On peut regretter un certain légicentrisme quand l’auteur aborde l’institution judiciaire et le rôle du droit entraînant l’abus de l’expression "non-droit" peu significative et certains raccourcis concernant les postulats de la loi naturelle. De même, reste peu approfondie la relation entre la richesse et la peine de l’amende. Cependant, par un effort réel de synthèse, ce livre répond constamment à l’articulation initiale que son auteur a d’emblée posée : le lien entre la protection de la société et la réhabilitation de la personne condamnée. Enfin, l’ouvrage n’est pas exempt de références chiffrées...
 
 

Thèses
 

- André Kuhn, Punitivité, politique criminelle et surpeuplement carcéral, ou comment réduire la population carcérale, Editions Paul Haupt, Falkenplatz 14, CH-300l Berne, 199 pages, 48 FS.
Après avoir étudié l’évolution de la "punitivité objective" (sévérité des peines infligées par les juges) et de la "punitivité subjective" (attitudes des gens vis à vis des sanctions pénales) en Suisse et dans les Etats voisins, A. Kuhn tente de déterminer comment il serait possible de diminuer la population des prisons afin de résoudre le problème actuel du surpeuplement carcéral. Si les questions abordées avec un souci évident de se faire comprendre par le plus grand nombre sont étudiées dans le cadre helvétique, le lecteur français trouvera de multiples occasions d’appliquer les raisonnements et conclusions à la situation dans notre pays.
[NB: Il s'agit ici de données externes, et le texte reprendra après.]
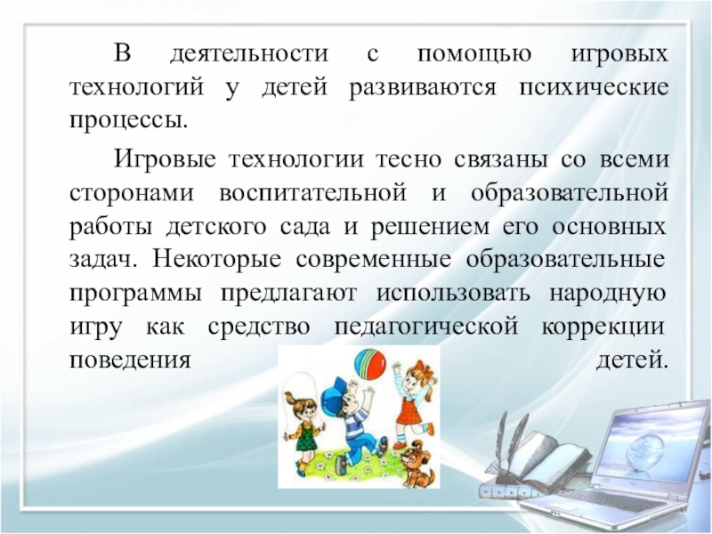 технологии тесно связаны со всеми сторонами воспитательной и образовательной работы детского сада и решением его основных задач. Некоторые современные образовательные программы предлагают использовать народную игру как средство педагогической коррекции поведения детей.
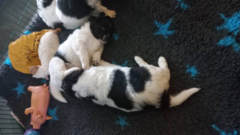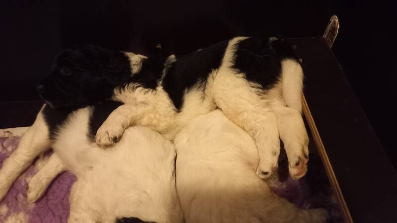 De pups zijn alweer 5 weken. Ze krijgen nu 4x daags vers (rund)vlees van FarmFood. En ze groeien hard, erg hard zelfs. Mieske voedt ook nog steeds, ook al gaat het soms niet van harte. Het was wederom een drukke week met veel bezoek voor de pups. Ook bleven onze kleinzoons een nachtje logeren en die hebben lekker gespeeld met de pups. De pups van Pleun zijn verhuisd naar de serre en we zijn begonnen om de pups van Mieske er af en toe bij te zetten. In het begin was het wat wennen maar na een paar keer vinden de pups van Mieske het geweldig. Ze spelen en stoeien mooi samen. Met het eten en in de avond en nacht zijn de pups van Mieske nog in hun eigen rennetje in de woonkamer. Vandaag, 6 januari, is een medewerker van de Raad van Beheer geweest en zijn de pups gechipt en er is DNA afgenomen.

- Nicolas Bourgoin, Le suicide en prison, sous la direction d’Hervé Le Bras, Ecole des hautes études en sciences sociales, 342 pages.
Cette thèse se fonde sur une exploitation exhaustive des cas de suicide en prison de 1982 à 1991, et suit un double traitement du matériau : l’analyse des lettres qu’ont laissées un tiers des détenus suicidés pour motiver leur geste et l’analyse statistique des caractéristiques individuelles et des variables de situation des détenus, à partir des informations enregistrées par l’administration. Travail de référence dans un domaine où les approches quantitatives sont rares en France.
 
 

Article

- Patrick Simon, "Nommer pour agir", Le Monde, 28 avril 1993, p. 2.
Chercheur à l’Institut national d’études démographiques (INED), P. Simon s’interroge sur la pertinence de l’utilisation des catégories de français et d’étranger pour rendre compte "des phénomènes sociaux où interviennent des discriminations ethniques et raciales". L’auteur reproche aux sciences sociales d’être, en particulier, "incapable de se détacher de l’analyse institutionnelle" contredisant ainsi leur vocation traditionnelle. Pour lui l’urgence est à "la recomposition des catégories d’appréhension du corps social". Contribution percutante à un débat difficile qui intéresse bien évidemment Pénombre.